Reviving Ophelia and
Ophelia Speaks explored the painful challenges faced by teen girls. But where's the support for the mothers of those teen girls? In
Ophelia's Mom, Nina Shandler, Ed.D., gives the mothers the chance to speak out about feelings and uncertainties too often considered taboo.
Culled from written submissions and interviews with hundreds of women from all walks of life and from every part of the country, the concerns voiced in these pages reflect the universal experience of mothers facing one set of life changes while their daughters are facing another. With humor, pathos, insight, rage, sadness, joy, and ultimately, optimism, these mothers talk candidly about rejection and separation, feminism versus Girl Power, love and sex, friends, school, drugs and alcohol, divorce, menstruation and menopause, the mother-daughter bond, and much more.
As these mothers reveal how this life passage has reshaped them as well as their children, you'll realize that you're not crazy, and you're certainly not alone in your frustration, confusion, and exhilaration over raising an adolescent daughter.
Customer Reviews:
mother of honey "i want to kill a girl named debbie".......2005-06-24
just wondering why i was never contacted to contribute to this book. my daughter, jasmine [pen name HONEY], wrote the powerful entry in "ophelia speaks" about feeling like killing a girl her ex-boyfriend was going with.

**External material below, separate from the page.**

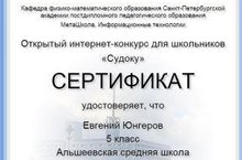 Учащиеся школы приняли участие в открытом интернет-конкурсе по математической игре “Судоку”. (Рук.Афанасьева В.Н.)

i'm dissapointed to say that sara never kept in contact with jasmine, nor did she even send her a copy of her book when it came out.
it might be nice to support the girl authors by getting them together in a chat sometime!
Ophelia's Mom - from one of the contributing authors.......2002-04-09
As a contributing author to Ophelia's Mom I feel this book shares a message of hope, inspiration, and courage. During signings of this book, I have spoken about the personal growth I went through while struggling with with the ups and downs of my daughter. I feel all the moms who contributed showed courage in finding their voice. Many moms did not answer the call to contribute and half of us who did, wrote under assumed names. Personally, I would not have minded going public, however, I chose to protect my daughter's privacy. My daughter was not in a frame of mind to understand this project, therefore, I did not seek her permission to write about her. Yet, I felt immensely compelled to get my message of hope out to the public - so we changed the names. Other moms had their own reasons and I think that's what makes the book so special. As a life coach, I use Ophelia's Mom as a resource for my clients who are struggling with teen issues and who are trying to 'let go' and find themselves.
straight talk.......2001-10-13
I read this book and looked at my seven year old thinking "will this happen to you?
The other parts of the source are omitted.